= Oscar Feldman =

American attorney (1921–2024)

Oscar Henry Feldman (August 18, 1921 – November 27, 2024) was an American attorney who was a longtime minority owner and legal counsel of the Detroit Pistons of the National Basketball Association. From 1975 to 1977 he was also the team's general manager.

==Early life==
Feldman was born in Poughkeepsie, New York, on August 18, 1921. He enrolled at the University of Michigan in 1939, where he met his future business partner, Bill Davidson. He served in the United States Army during World War II and after the war, he earned a Master of Business Administration from Michigan and a law degree from the Columbia Law School. After graduating, he taught at Columbia for one year then worked for the Internal Revenue Service in the office of the chief counsel. In 1951, Feldman returned to Michigan, where he purchased a pharmaceutical company with Davidson and taught law at Wayne State University. He took over his father-in-law's law practice following his sudden death and served as a legal counsel for Guardian Industries, which was run by Davidson.

==Detroit Pistons==
On July 29, 1974, Davidson, Feldman, and nine other partners purchased the Detroit Pistons from Fred Zollner for $8.1 million. General manager Ed Coil agreed to stay with the team for one year following the sale and when he departed on July 1, 1975, Feldman succeeded him as general manager. On January 26, 1976, Feldman fired the team's then-winningest coach, Ray Scott due to his poor "rapport with the entire organization". The Pistons, who had gone 17–25 under Scott, went 19–21 under his replacement Herb Brown and made it to the Western Conference semifinals, where they lost to the Golden State Warriors in six games.

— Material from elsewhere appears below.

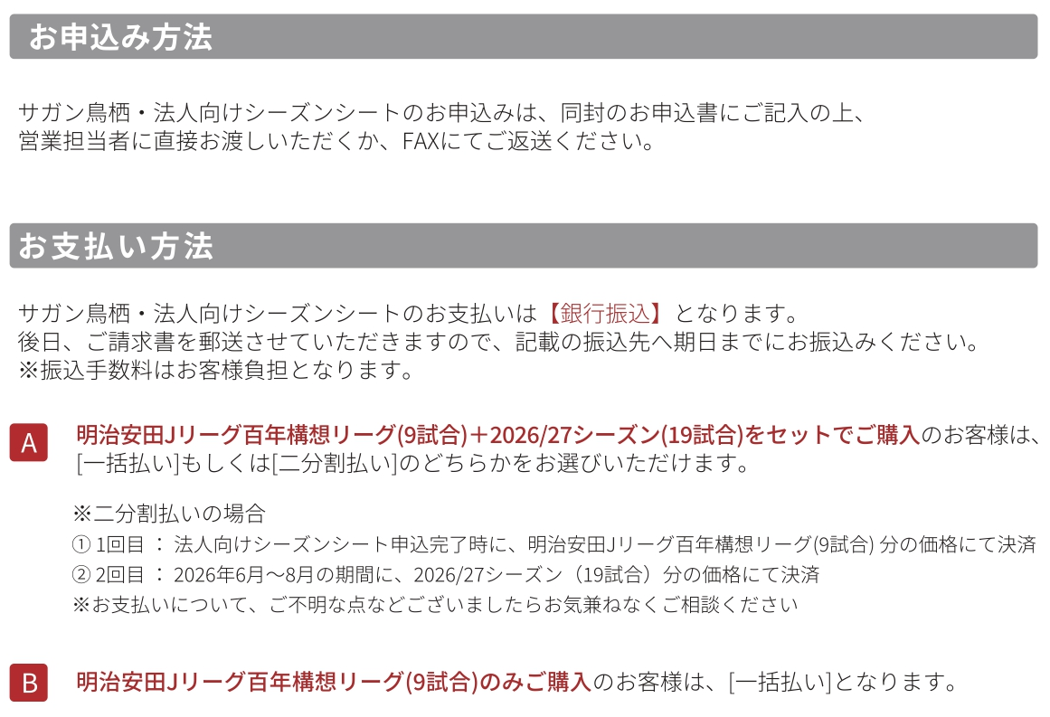 この度、サガン鳥栖では法人様向け年間シーズンシートの販売について、お知らせいたします。

The Pistons selected Marvin Barnes in the 1976 ABA dispersal draft and after protracted negotiations, Feldman signed him to a $500,000-a-year contract. Soon after signing, Barnes was arrested for carrying a concealed handgun at the Detroit Metropolitan Airport and, after the Pistons were eliminated from the playoffs, began serving a jail sentence for violating his probation. On May 25, 1977, Feldman stepped down as general manager in favor of his handpicked successor – Atlanta Hawks assistant GM and former Buffalo Braves All-Star Bob Kauffman. Feldman remained with the team as legal counsel and worked on the team's relocation from the Cobo Arena to the Pontiac Silverdome. Kauffman resigned for personal reasons at the end of the season and Feldman took over his duties. The Pistons went 30–52 and missed the playoffs in 1978–79 under new head coach Dick Vitale.

In the summer of 1979, Pistons forward M. L. Carr signed as a free agent with the Boston Celtics. The two teams could not agree on compensation for Carr, with Vitale wanting Bob McAdoo and Celtics GM Red Auerbach wanting to send Curtis Rowe and another player to Detroit. The dispute ended when the Pistons agreed to trade two first round picks in 1980 NBA draft to the Celtics for McAdoo. The Pistons made another high-priced acquisition that same offseason by signing Jim McElroy. After the team got off to a 4–8 start, Feldman fired Vitale and named assistant coach Richie Adubato as his interim replacement. On December 11, 1979, the Pistons named Indiana Pacers assistant coach Jack McCloskey general manager, ending Feldman's run as head of basketball operations. Detroit finished the season with a league-worst 16–66 record, which gave the Celtics the top pick in the 1980 draft (Boston traded the pick to the Golden State Warriors in exchange for Robert Parish and the #3 overall pick, which they used to select Kevin McHale).

Feldman remained with the Pistons as a minority owner until October 2009. Feldman died on November 27, 2024, at the age of 103.